When a model predicts not just the next step, but the next 10 steps into the future, what kind of evaluation is needed to check its performance over this longer period?
To check the performance of a model predicting 10 steps into the future, a multi-step-ahead forecasting evaluation is needed, specifically employing a rolling forecast origin methodology. This approach simulates how the model would perform in a real-world scenario by repeatedly making predictions and then moving the point from which forecasts originate forward in time. For example, the model predicts steps 1 to 10 starting from Monday's data; then, with Tuesday's data as the new forecast origin, it predicts steps 1 to 10 again, based on the updated information. This process is repeated across a significant portion of the historical data to generate many sets of 10-step forecasts, allowing for a comprehensive assessment over varying conditions.
Evaluating these predictions involves assessing both point forecasts and probabilistic forecasts.
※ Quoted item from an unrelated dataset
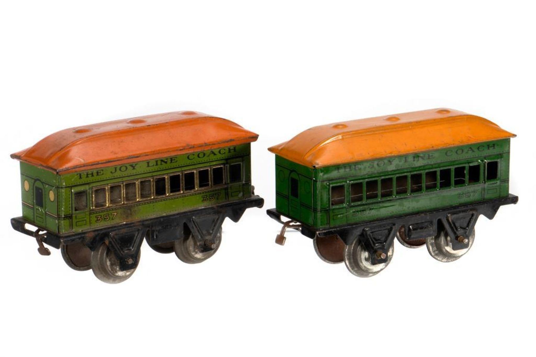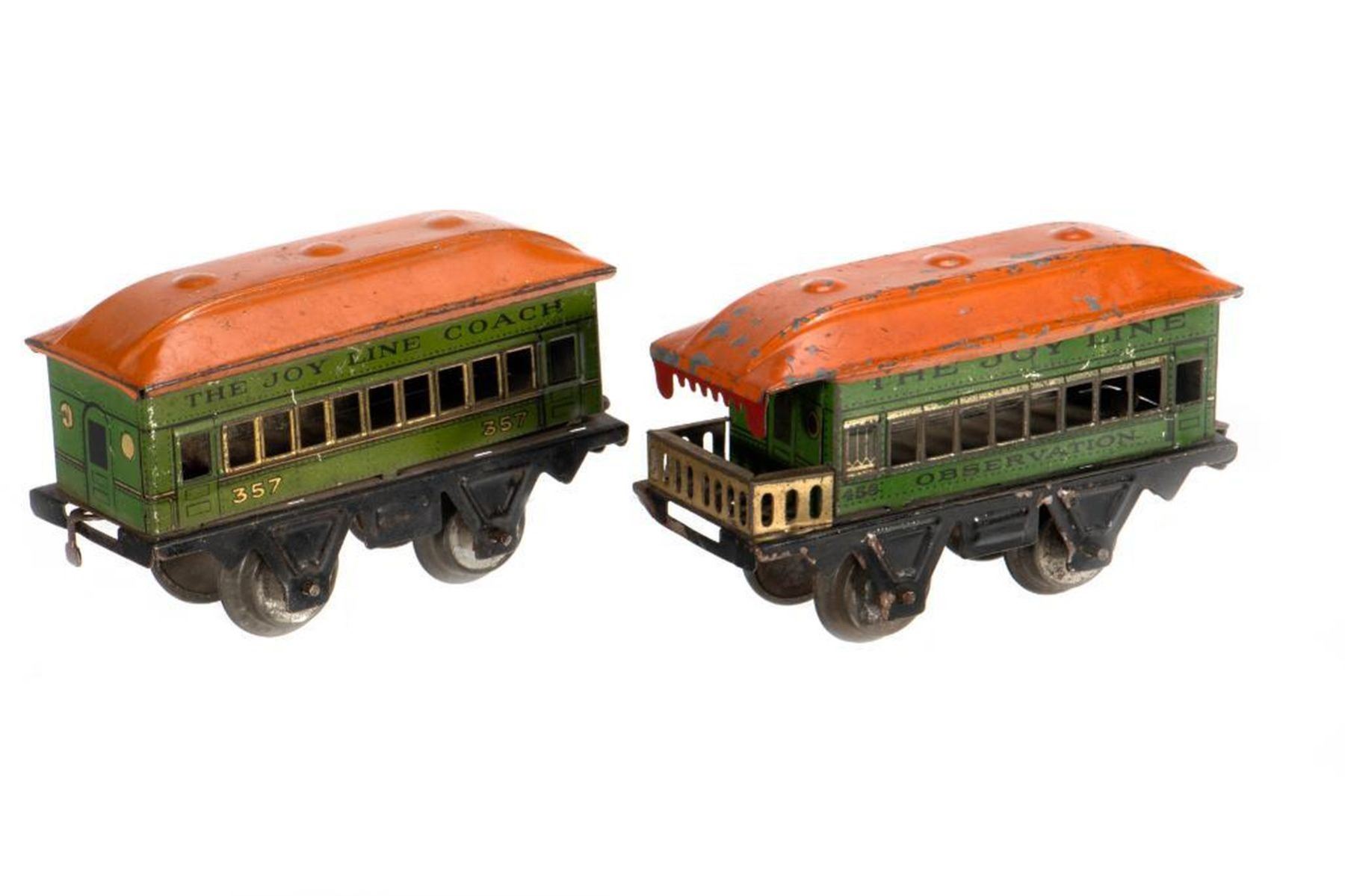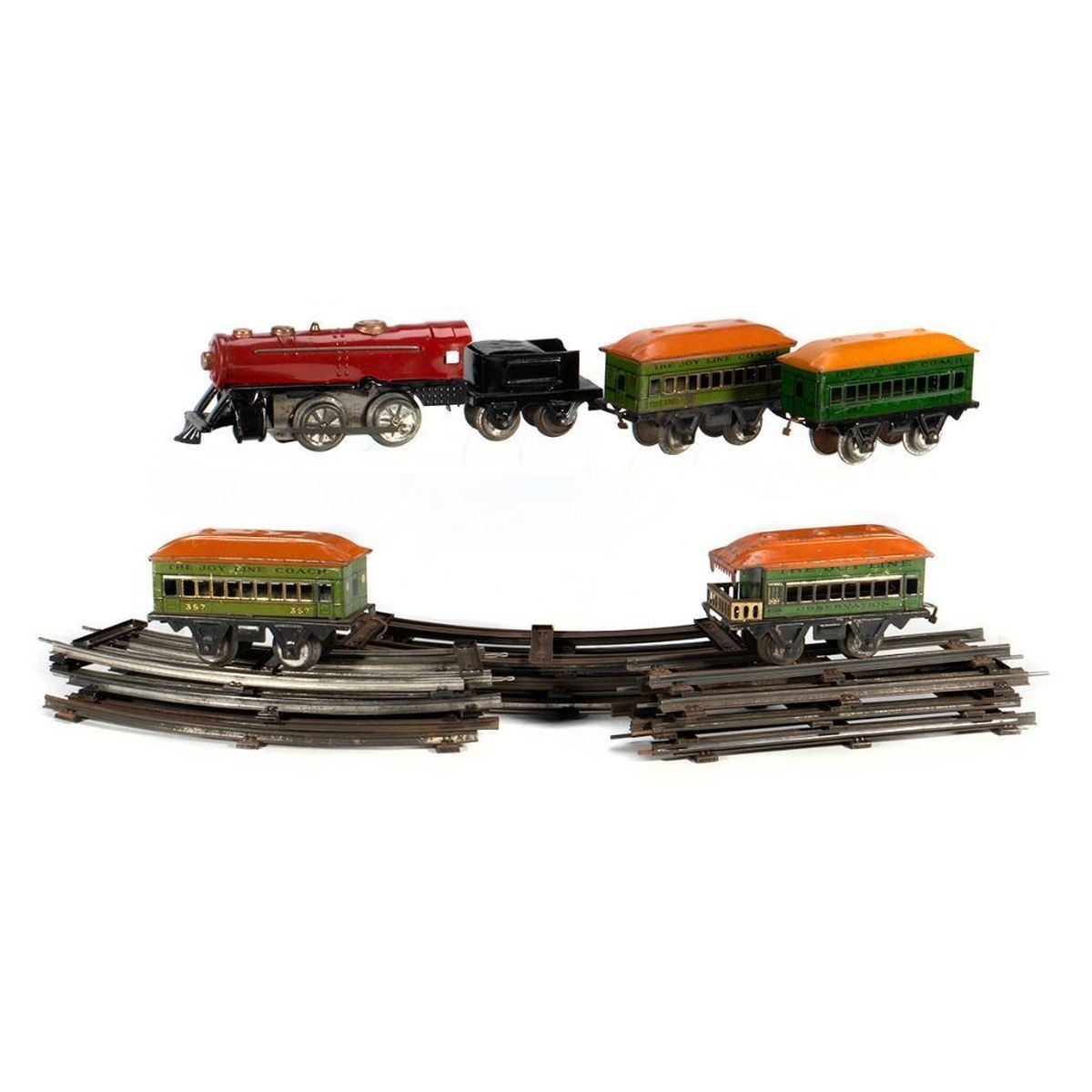 Joy Line (Marx) Red windup Loco, built in key, ringing bell, copper domes and headlight ferrule,, black four wheel Tender, 357 green litho coach with orange roof, 357 green litho coach with orange roof, 357 green litho coach with orange roof, 458 green litho observation with orange roof, Track Red windup 0-4-0 Locomotive with black frame, built in key, ringing bell. Black 4 wheel tender, 357 Green lithographed coach with orange painted roof. 357 Green lithographed coach with orange painted roof . 458 green lithographed observation with orange painted roof. Extra - slightly not matching - 357 green lithographed coach with orange roof. All roofs have edge wear and paint nicks. Wheels have oxidized, frames have nicks in the black paint. Small scratches on lithography, Rust spots on couplers and wheels.

For point forecasts, which are single value predictions for each future step, performance is typically assessed using accuracy metrics calculated independently for each forecast horizon, meaning for step 1, step 2, up to step 10. Common metrics include Mean Absolute Error (MAE), which measures the average magnitude of the absolute difference between predicted and actual values, and Root Mean Squared Error (RMSE), which calculates the square root of the average of the squared errors, giving a higher weight to larger errors. By analyzing these metrics at each individual step within the 10-step horizon, one can observe how prediction error typically accumulates and degrades as the forecast horizon lengthens. It is crucial to examine the error trend across the 10 steps, not just an overall average, because errors often compound over longer periods.
For probabilistic forecasts, which provide an estimate of uncertainty alongside the point prediction, such as prediction intervals or quantile forecasts, the evaluation focuses on two key aspects: coverage and sharpness. Coverage refers to the percentage of actual observed values that fall within the predicted intervals, indicating the reliability of the uncertainty estimate. Sharpness refers to the width of these intervals; narrower intervals are more informative, provided they maintain adequate coverage. Metrics like the Continuous Ranked Probability Score (CRPS), which assesses the overall quality of probabilistic forecasts by measuring the difference between the forecast distribution and the true outcome, or Pinball Loss, used for evaluating quantile forecasts, can be employed to quantify this performance. This comprehensive evaluation across multiple forecast origins and specific horizon steps provides a robust understanding of the model's predictive capabilities over the longer 10-step period.